● AIM OF THE TASK:
For the material below, the expected output is exactly the lines between the line holding "If you’re a" and the line holding "Нарядное позолоченное кольцо", inclusive, with pictures left out.

● DATASET RECORDS:
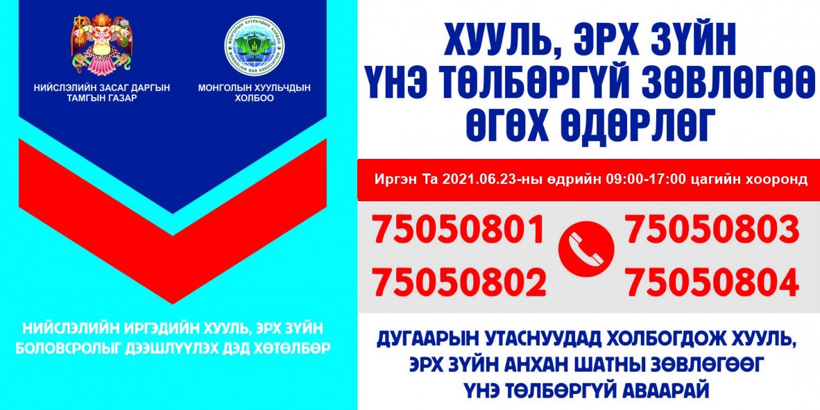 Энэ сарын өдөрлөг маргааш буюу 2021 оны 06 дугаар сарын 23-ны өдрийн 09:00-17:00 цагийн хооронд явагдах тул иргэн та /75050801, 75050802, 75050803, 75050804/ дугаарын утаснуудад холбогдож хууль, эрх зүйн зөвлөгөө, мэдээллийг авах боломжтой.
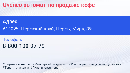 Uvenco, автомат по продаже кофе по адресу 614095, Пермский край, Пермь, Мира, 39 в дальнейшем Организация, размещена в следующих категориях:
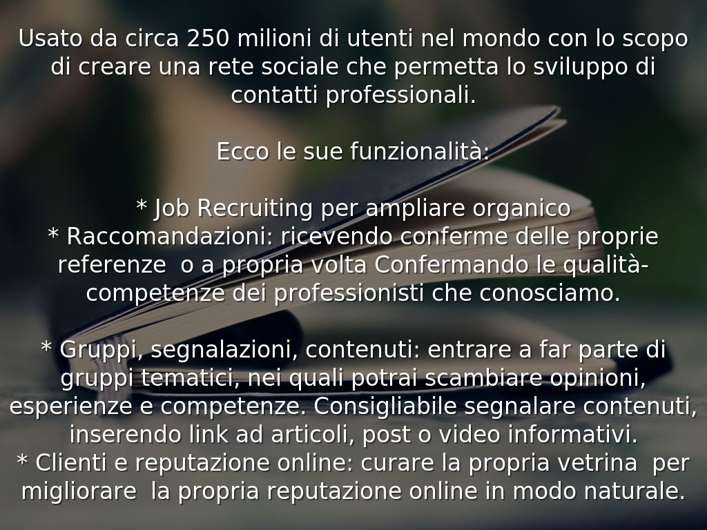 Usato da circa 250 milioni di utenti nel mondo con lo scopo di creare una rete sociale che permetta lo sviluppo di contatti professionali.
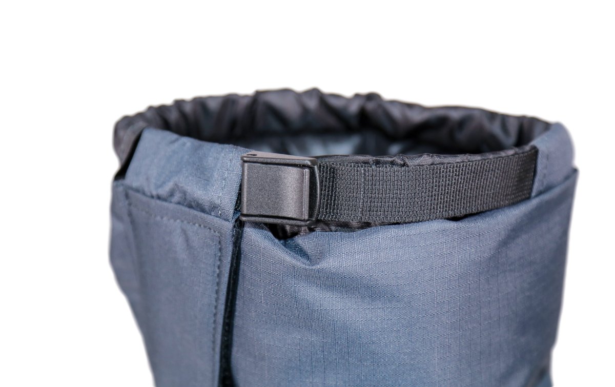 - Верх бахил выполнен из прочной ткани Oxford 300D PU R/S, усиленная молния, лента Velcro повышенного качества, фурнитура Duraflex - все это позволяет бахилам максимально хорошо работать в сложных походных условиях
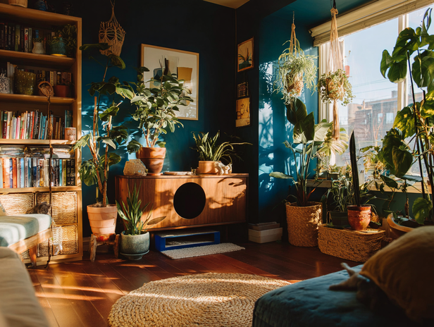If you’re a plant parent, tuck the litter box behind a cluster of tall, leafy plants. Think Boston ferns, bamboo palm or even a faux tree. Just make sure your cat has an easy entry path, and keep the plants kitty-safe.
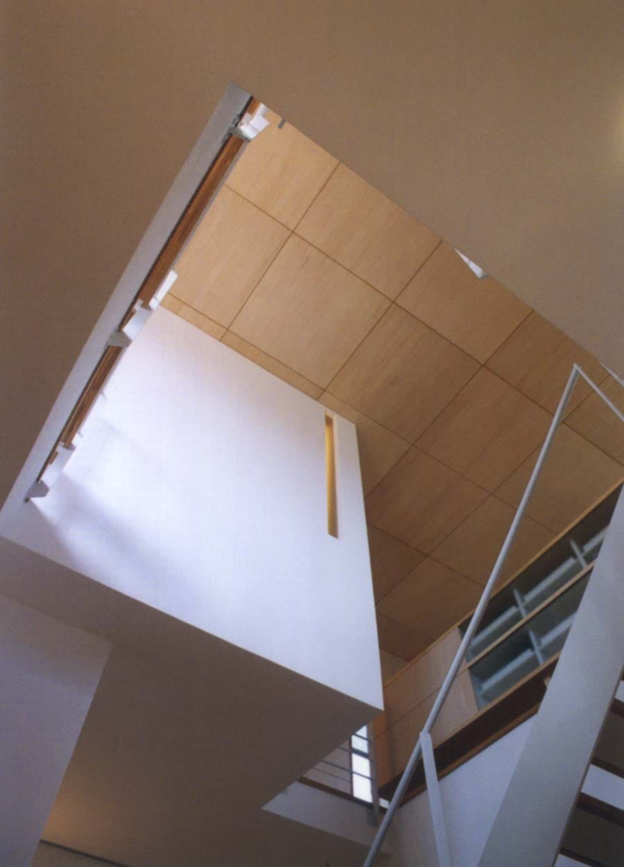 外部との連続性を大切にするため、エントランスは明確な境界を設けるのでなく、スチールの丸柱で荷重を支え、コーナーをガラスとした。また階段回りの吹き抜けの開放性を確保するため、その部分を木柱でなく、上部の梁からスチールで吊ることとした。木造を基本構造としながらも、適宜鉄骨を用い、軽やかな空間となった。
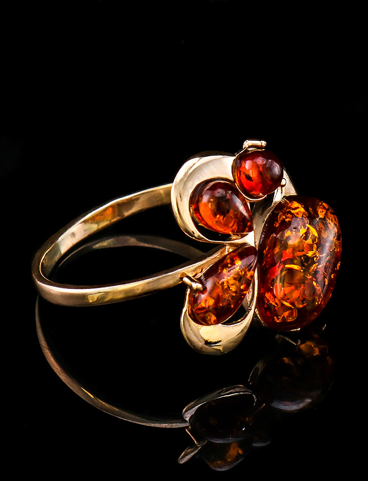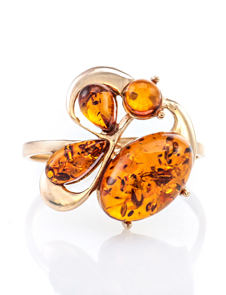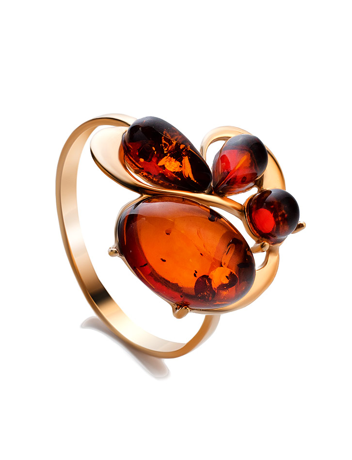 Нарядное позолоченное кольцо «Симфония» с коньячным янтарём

* * *

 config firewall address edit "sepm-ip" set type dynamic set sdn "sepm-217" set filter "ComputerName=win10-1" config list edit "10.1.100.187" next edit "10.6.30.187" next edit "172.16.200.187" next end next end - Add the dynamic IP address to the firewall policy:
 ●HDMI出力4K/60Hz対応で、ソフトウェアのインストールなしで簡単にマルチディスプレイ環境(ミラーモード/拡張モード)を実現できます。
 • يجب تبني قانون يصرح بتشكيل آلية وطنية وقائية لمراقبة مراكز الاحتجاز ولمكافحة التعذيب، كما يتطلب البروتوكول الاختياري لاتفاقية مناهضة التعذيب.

---

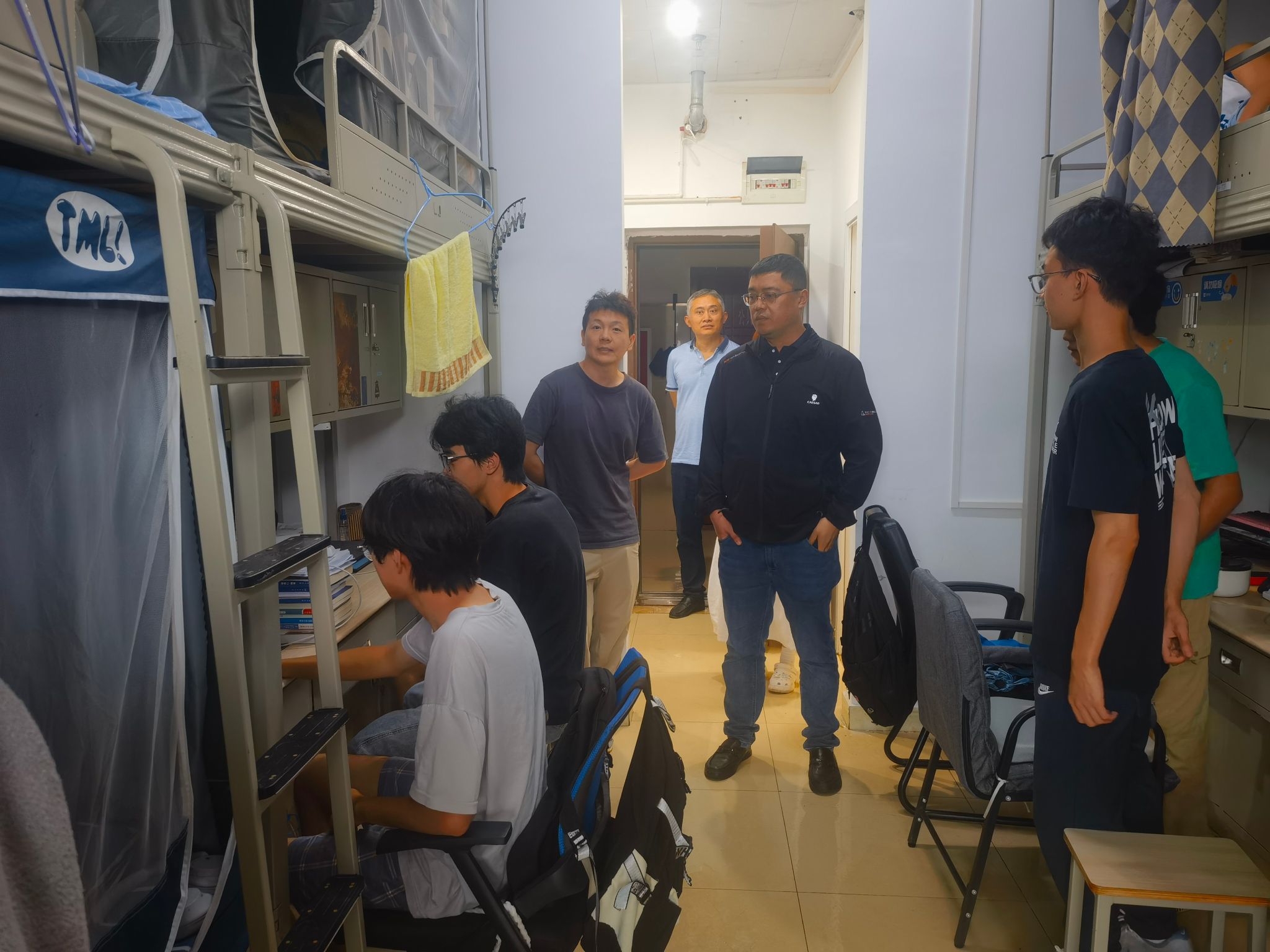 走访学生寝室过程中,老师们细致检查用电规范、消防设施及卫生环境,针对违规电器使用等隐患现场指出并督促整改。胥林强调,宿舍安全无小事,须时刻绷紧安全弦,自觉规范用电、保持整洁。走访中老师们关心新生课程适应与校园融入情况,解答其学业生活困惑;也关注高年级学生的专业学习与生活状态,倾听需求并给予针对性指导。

● TASK OUTPUT:
If you’re a plant parent, tuck the litter box behind a cluster of tall, leafy plants. Think Boston ferns, bamboo palm or even a faux tree. Just make sure your cat has an easy entry path, and keep the plants kitty-safe.
 外部との連続性を大切にするため、エントランスは明確な境界を設けるのでなく、スチールの丸柱で荷重を支え、コーナーをガラスとした。また階段回りの吹き抜けの開放性を確保するため、その部分を木柱でなく、上部の梁からスチールで吊ることとした。木造を基本構造としながらも、適宜鉄骨を用い、軽やかな空間となった。
 Нарядное позолоченное кольцо «Симфония» с коньячным янтарём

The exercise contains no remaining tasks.